Your virtual screening strategy will depend on your success criteria, the computational time and resources you are willing to invest, and the available data. Ligand-based methods provide a faster and less costly alternative, valuable for filtering very large, chemically diverse libraries, or when structural data is limited.  Structure-based approaches work when high-quality protein structures are available. They often provide better library enrichment but are more computationally expensive.

Evidence strongly supports hybrid approaches that combine atomic-level insights from structure-based methods with pattern recognition capabilities of ligand-based approaches. Whether through sequential workflows or parallel consensus scoring, integrated strategies can outperform individual methods by reducing prediction errors and increasing hit identification confidence.

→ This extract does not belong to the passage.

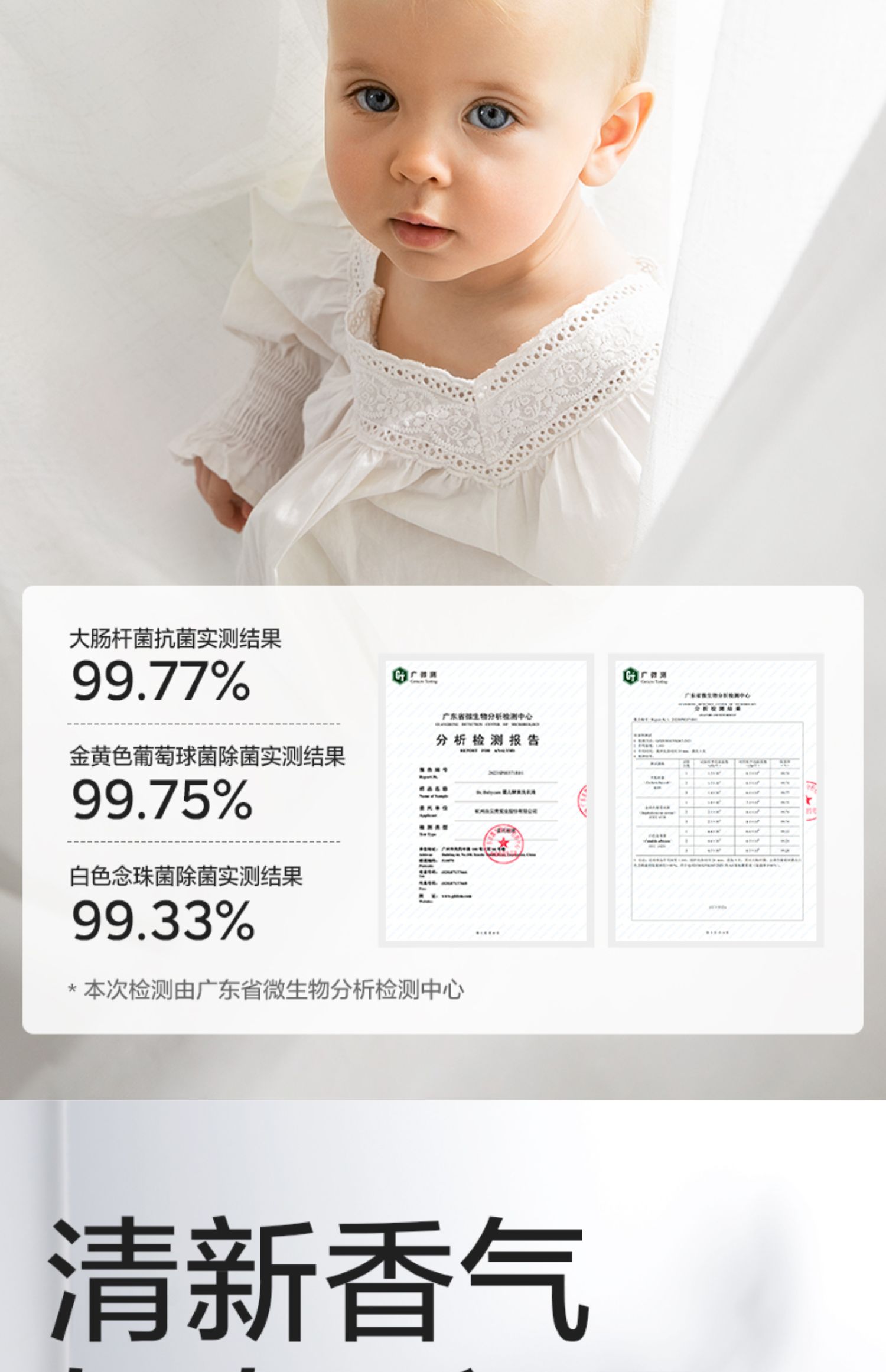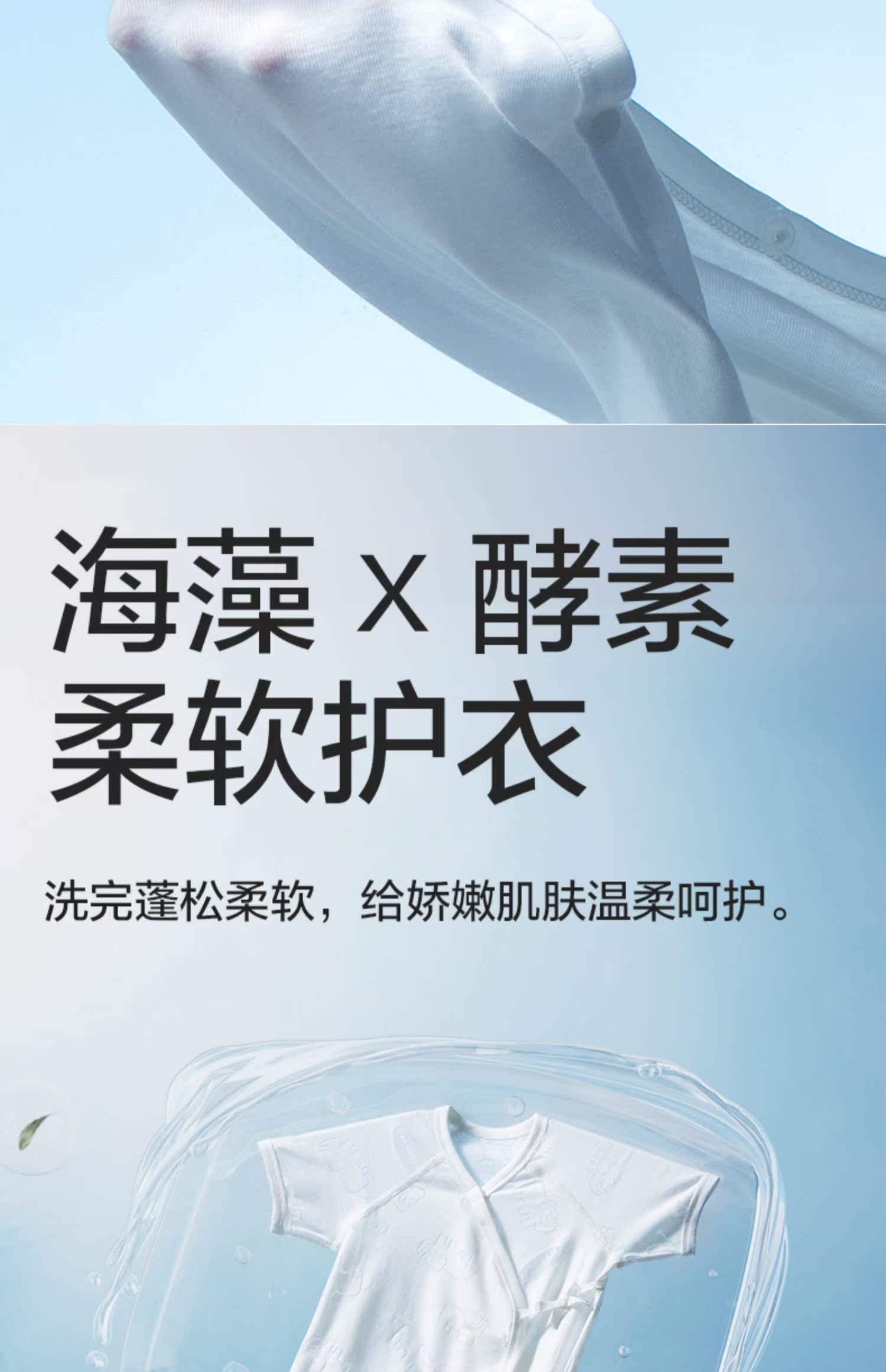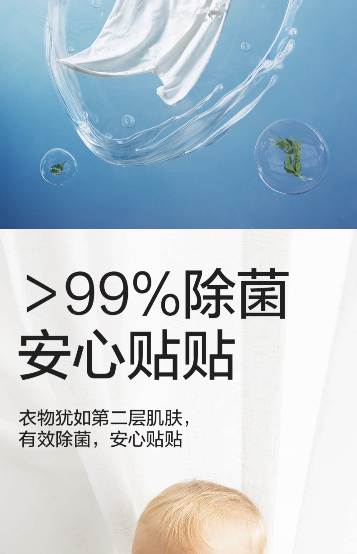 商品简介:99%长效安全抑菌,保护娇嫩肌肤不过敏,蛋白酵素,倍速瓦解污渍,无风险添加剂,贴身衣物放心洗,婴幼儿易漂洗配方,稍稍过水,一冲即净~

Tamsin Mansley, PhD, is the president of Optibrium Inc. and global head of application science.

References

1. Cleves, A. E., Johnson, S. R. & Jain, A. N. Synergy and Complementarity between Focused Machine Learning and Physics-Based Simulation in Affinity Prediction. J. Chem. Inf. Model. 2021; 61, 5948–5966.
2. Scardino, V., Di Filippo, J. I. & Cavasotto, C. N. How good are AlphaFold models for docking-based virtual screening? iScience. 2023; 26, 105920.
3. Škrinjar, P., Eberhardt, J., Durairaj, J. & Schwede, T. Have protein-ligand co-folding methods moved beyond memorisation? bioRxiv preprint 2025;https://doi.org/10.1101/2025.02.03.636309.
4. Nittinger, E., Yoluk, Ö., Tibo, A., Olanders, G. & Tyrchan, C. Co-folding, the future of docking – prediction of allosteric and orthosteric ligands. Artif. Intell. Life Sci. 2025; 8, 100136.
5. Segall, M. D. Multi-Parameter Optimization: Identifying High Quality Compounds with a Balance of Properties. Curr. Pharm. Des. 2012;18, 1292–1310.